The present invention refers to an illumination device used by an optical system of a reader apparatus, such as a handheld device or an optical scanner. The illumination device solves the aforementioned problems of strong specular reflection from a surface which can saturate a light sensor and prevent reading of codes printed with absorbing inks, or reading luminescent codes (without requiring an excitation filter).

The present invention achieves also maximum optical efficiency and uniform illumination in addition to great reduction of specular reflection on the mark to be read. Moreover, these advantages are provided by a compact illumination device with a minimum volume, facilitating the coupling or attachment to handheld devices, such as smartphones and optical scanners.

The present invention, although particularly adapted for handheld readers of luminescent codes, can also be used on general readers (not necessarily handheld readers) and for reading codes not necessarily luminescent (e.g. detecting only reflected light).

The illumination device comprises an annular hollow body for receiving a light field acquisition device, a light source disposed externally around the annular hollow body, and an external light reflector having a proximal end and a distal end. The external light reflector is configured to guide light originating from the light source to illuminate a zone at the distal end.

The key components of the illumination device are the special configuration of the external light reflector and the incorporation of a reflector element with a mirror finish outer surface disposed in front of the light source. These two elements work in conjunction to synergistically achieve the mentioned technical advantages in a highly reduce volume.

The external light reflector is a hollow piece arranged concentrically to the annular hollow body and with an internal wall made of reflective material. The internal wall is a surface of revolution having a first portion with increasing cross sections along a central axis from the proximal end to a first region with maximum cross section; and a second portion with decreasing cross sections from the first region to a second region with minimum cross section. The projection of the first portion on the central axis is shorter than the projection of the second portion on the same axis. The inner surface of the distal end is preferably located within the second region of the internal wall.

The reflector element arranged in front of the light source is configured to redirect light originating from the light source towards the first portion of the internal wall of the external light reflector. The reflector element deviates rays that would, in its absence, propagate directly from the light source to the mark located at the distal end, thus being a potential source of hot spots in the image sensed if the sample favors specular reflection.
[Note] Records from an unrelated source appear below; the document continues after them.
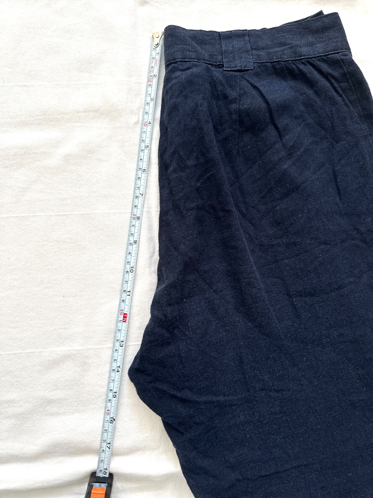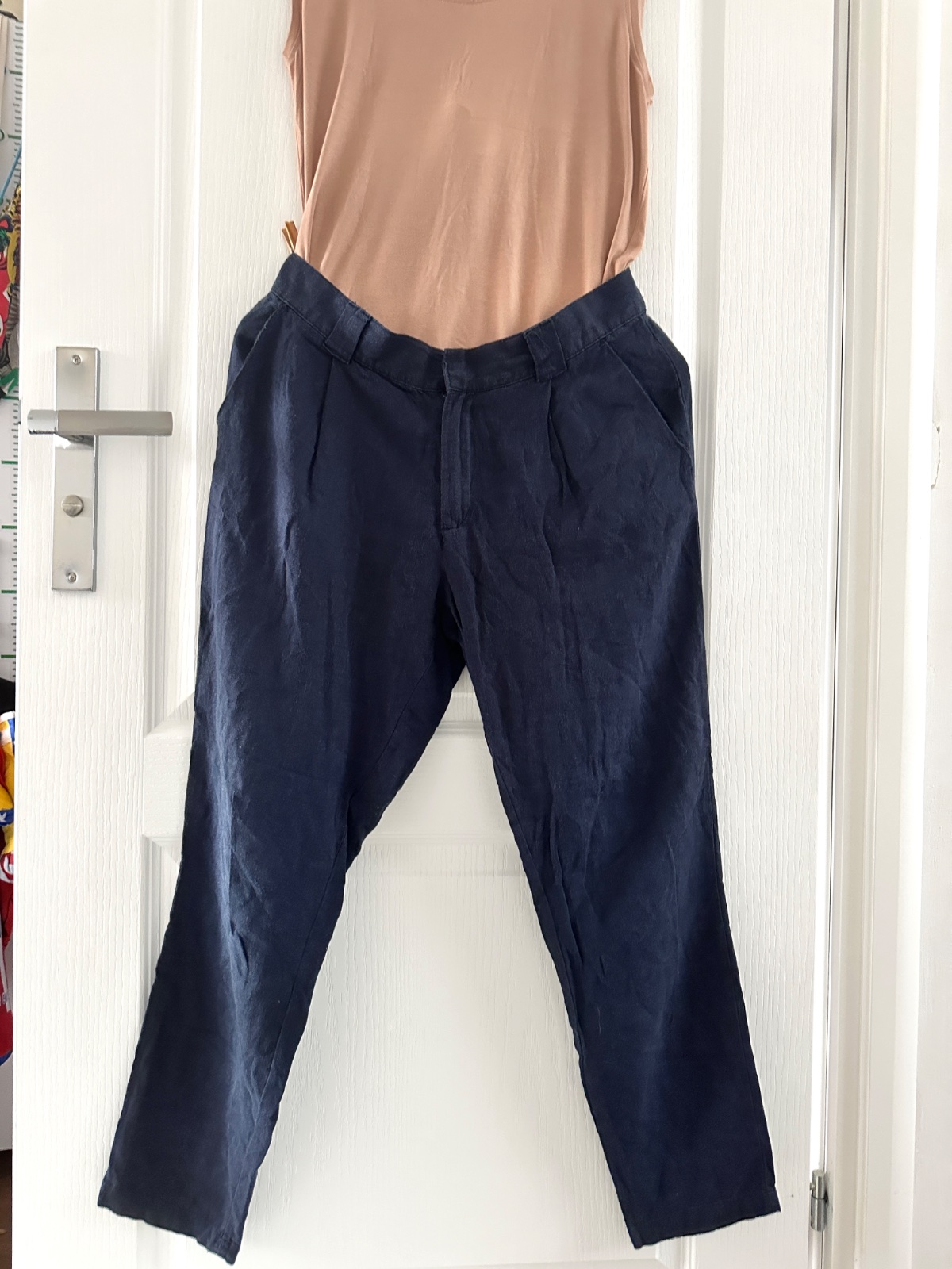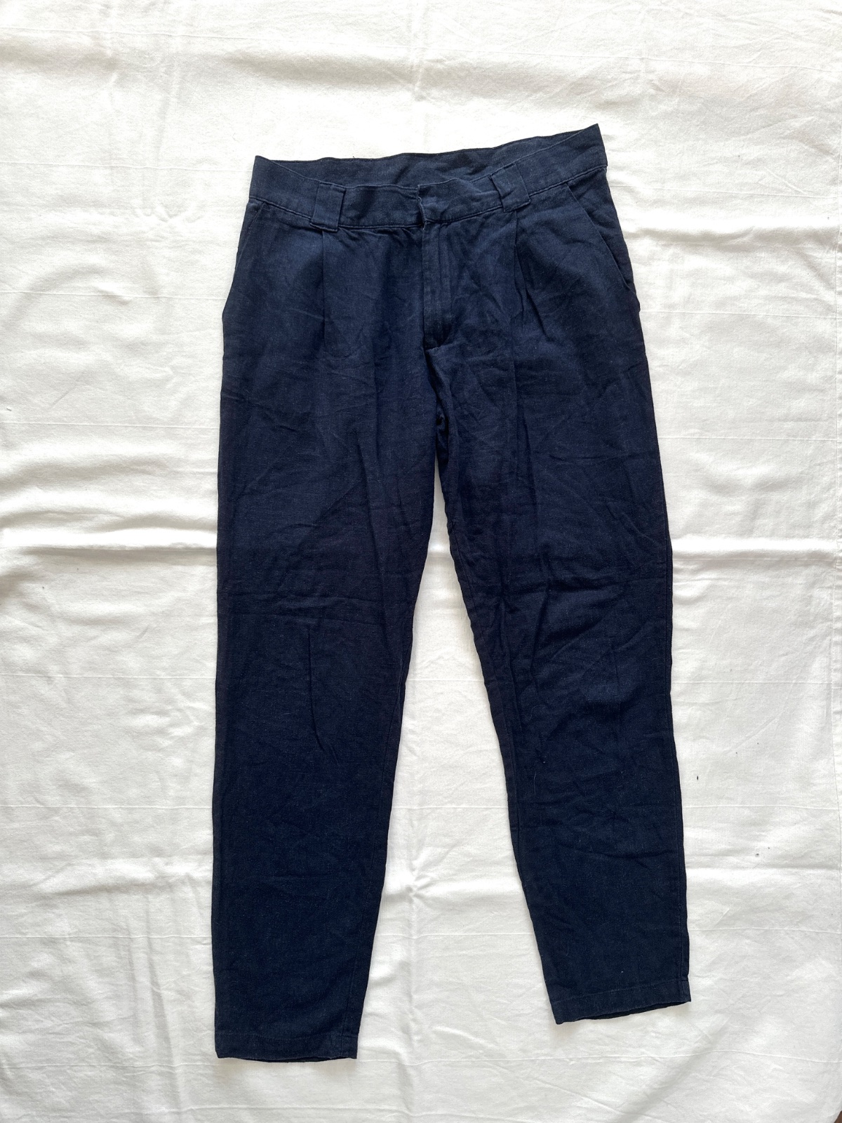 Ľanové nohavice s vysokým pásom v námorníckej modrej. Chinos nohavice. Zloženie je 55% ľan a 45% viskóza. Nohavice ako stvorené na horúce dni, ktoré môže sa nosiť na mnoho spôsobov. Oblečením mokasínov a saka vytvára elegantný styling. K nohaviciam môžete nosiť aj vysoké opätky alebo pre športový vzhľad tenisky či šľapky. Nohavice sú veľkosti 36, všetky miery sú na fotkách.
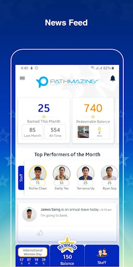 STARS by Pathmazing is an HR tool that increases the engagement level of employees through timely recognition by giving out rewards. This reward program is intended to recognize and motivate staff by awarding "Stars" similar to any loyalty program. These "Stars" are typically awarded by managers, however, given its flexibility, other staff members may award “Stars” as well -- designed to mimic a 360-degree feedback mechanism. Staff members may use their earned or rewarded "Stars" to bid in an auction or redeem rewards via an integrated catalog of prizes.
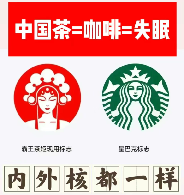 早期,霸王茶姬logo風格與茶顏悦色相似,而2021年品牌升級後,霸王茶姬的logo設計又跟星巴克“撞款”。

These deviated rays are not simply lost but reflected onto the external light reflector which favors diffuse reflectance thus allowing a good portion of the light to reach the mark at the distal end, this way increasing efficiency with a good ray repartition, improving uniformity, and highly suppressing hotspots, as only a very small portion of rays impinging on a sample with high specular reflection would do it at angles that can be imaged by the main lens on the image sensor. This is achieved because no illumination LED rays are allowed to propagate directly (i.e. without undergoing reflective scattering on the specially designed external light reflector) to the sample.

The mirror finish outer surface of the reflector element may be implemented as a surface of revolution, preferably comprising one or more truncated conical surfaces. The reflector element may comprise an opaque layer, preferably made of a diffusive material, disposed on the distal end of the reflector element (i.e. on the side of the reflector element facing the scanned mark).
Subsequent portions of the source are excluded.